It has been established that one of the biggest drivers of the debt for the US economy is the staggering amount of student loans that have continued to grow exponentially in recent years. Over the past decade or so, students in colleges and universities amassed huge amounts of loan debt that contributed to the federal budget deficit.
There are quite a few reasons why student loan debts in the US have kept climbing and have nearly ballooned out of proportion. There is no gainsaying the fact that the universities and colleges themselves contributed enormously to the debts owed by the students. These institutions use financial aid as a ‘bait’ to attract students who eventually apply for and are awarded far more funds than they actually need for their educational expenses.
After getting the awards and shortly before the start of classes, some students make a deliberate and tactical withdrawal from all classes. These students end up not using the loan for the purpose it was originally intended.
Unfortunately, there is no ‘oversight’ put in place by these institutions to guide or monitor the students how they use their loans probably because they are independent adults.
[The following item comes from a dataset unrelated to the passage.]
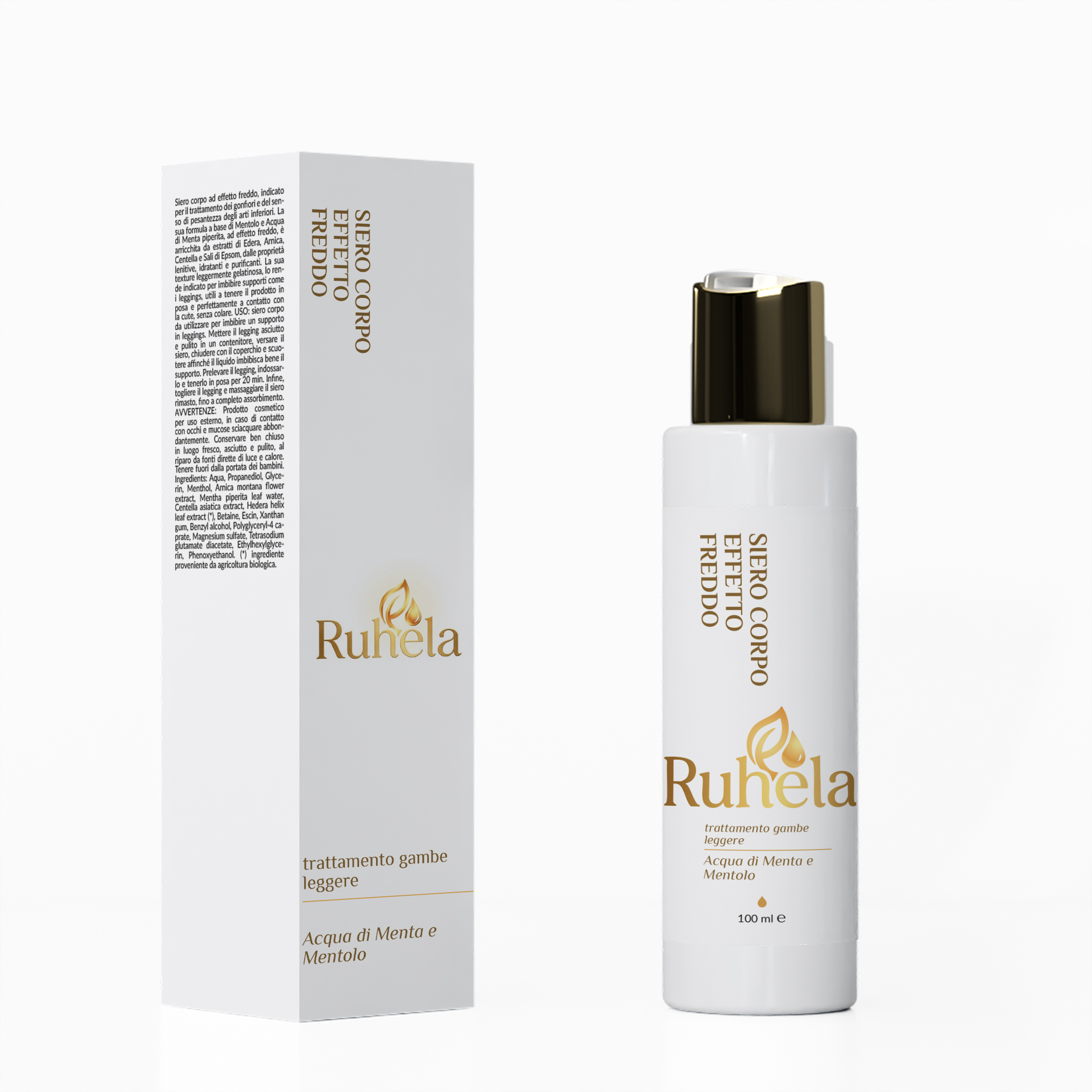 Aqua, Propanediol, Glycerin, Menthol, Arnica montana flower extract, Mentha piperita leaf water, Centella asiatica extract, Hedera helix leaf extract (*), Betaine, Escin, Xanthan gum, Benzyl alcohol, Polyglyceryl-4 caprate, Magnesium sulfate, Tetrasodium glutamate diacetate, Ethylhexylglycerin, Phenoxyethanol.(*) ingrediente proveniente da agricoltura biologica.

What is lacking here is an inclusion of some form of financial education in the curriculum of middle or high schools. Subjects like bookkeeping or accounting should be made one of the core subjects in all middle and high schools.
When you teach young kids who are still in their impressionable age the basic principles of how to balance income and expenditure on a balance sheet, how to create a simple budget, the concept of debt, deficit, and surplus etc, they will not only imbibe the knowledge and cherish the value of being on the positive side of the equation, they will also always like to apply this knowledge of financial education in all ramifications of their adult life.
In essence, what I am advocating is that bookkeeping/accounting should be made compulsory and counted as one of the core subjects. Think about it this way, a young adult who has been exposed to basic instructions in bookkeeping or accounting right from secondary school will get to college imbued with financial discipline.
When young adults in schools and colleges are thus financially disciplined, they will not abuse the financial aid system. Rather, they will view the word ‘debt’ as a scourge or an anathema to be avoided at all costs.
If and when this value is ingrained among the youth in their microcosmic school environment, the resultant effect is that the much-needed financial discipline and sanity will gradually permeate our macrocosmic society.